I did a simple thought experiment and figured that if the discriminator was able to distinguish fake data items from real data items with about 50% accuracy, then the generator is doing a good job of creating fake data items.

So I coded up an experiment with a function that computes the prediction accuracy of the discriminator, based on n fake data items produced by the generator. I used PyTorch, my neural code library of choice but the same ideas can be used in Keras or TensorFlow. In pseudo-code:

loop n times
  use generator to create a fake data item
  feed fake image to discriminator, get result p
  if p "less-than" 0.5 then
    num correct += 1  # determined it was fake
  else
    num wrong += 1    # thought it was real
end-loop
return n_correct / (n_correct + n_wrong)

The code implementation is:

def Accuracy(gen, dis, n, verbose=False):
  # accuracy of discriminator on n fake images from generator
  gen.eval()
  dis.eval()
  n_correct = 0; n_wrong = 0

  for i in range(n):
    zz = T.normal(0.0, 1.0,
      size=(1, gen.inpt_dim)).to(device)  # 20 values
    fake_image = gen(zz)  # one fake image
    pp = dis(fake_image)  # pseudo-prob
    if pp "less-than" 0.5:
      n_correct += 1      # discriminator knew it was fake
    else:
      n_wrong += 1        # dis thought it was a real image

    if verbose == True:
      print("")
      print(fake_image)
      print(pp)
      input()

  return (n_correct * 1.0) / (n_correct + n_wrong)

I ran the experiment code on a GAN that creates synthetic ‘3’ digits based on the UCI Digits dataset.

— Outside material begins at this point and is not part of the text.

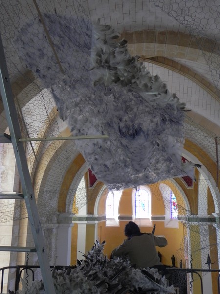 Yushin U Chang, installation de « Voltige » pour la Biennale Ephémères 2015, à Ste Alvère ; photo Les Rives de l’Art

Each ‘3’ digit is a crude 8×8 grayscale image of a handwritten digit.

The results were quite satisfactory. The accuracy of the discriminator started out near 100% as expected because the generator hadn’t learned to make good fake images yet. As training continued, the accuracy of the discriminator slowly went down as the generator got better.

Anyway, very interesting and good fun.


Animated films are synthetic versions of reality. I like several stop motion animation films, including these three. Left: “Coraline” (2009) is sort of a dark, modern day Alice in Wonderland. Great story, great animation. Center: “Isle of Dogs” (2018) is a fantastically creative story that’s difficult to describe. An amazing film. Right: “James and the Giant Peach” (1996) is an adaptation of a story from the ultra-inventive mind of author Roald Dahl (1916-1990).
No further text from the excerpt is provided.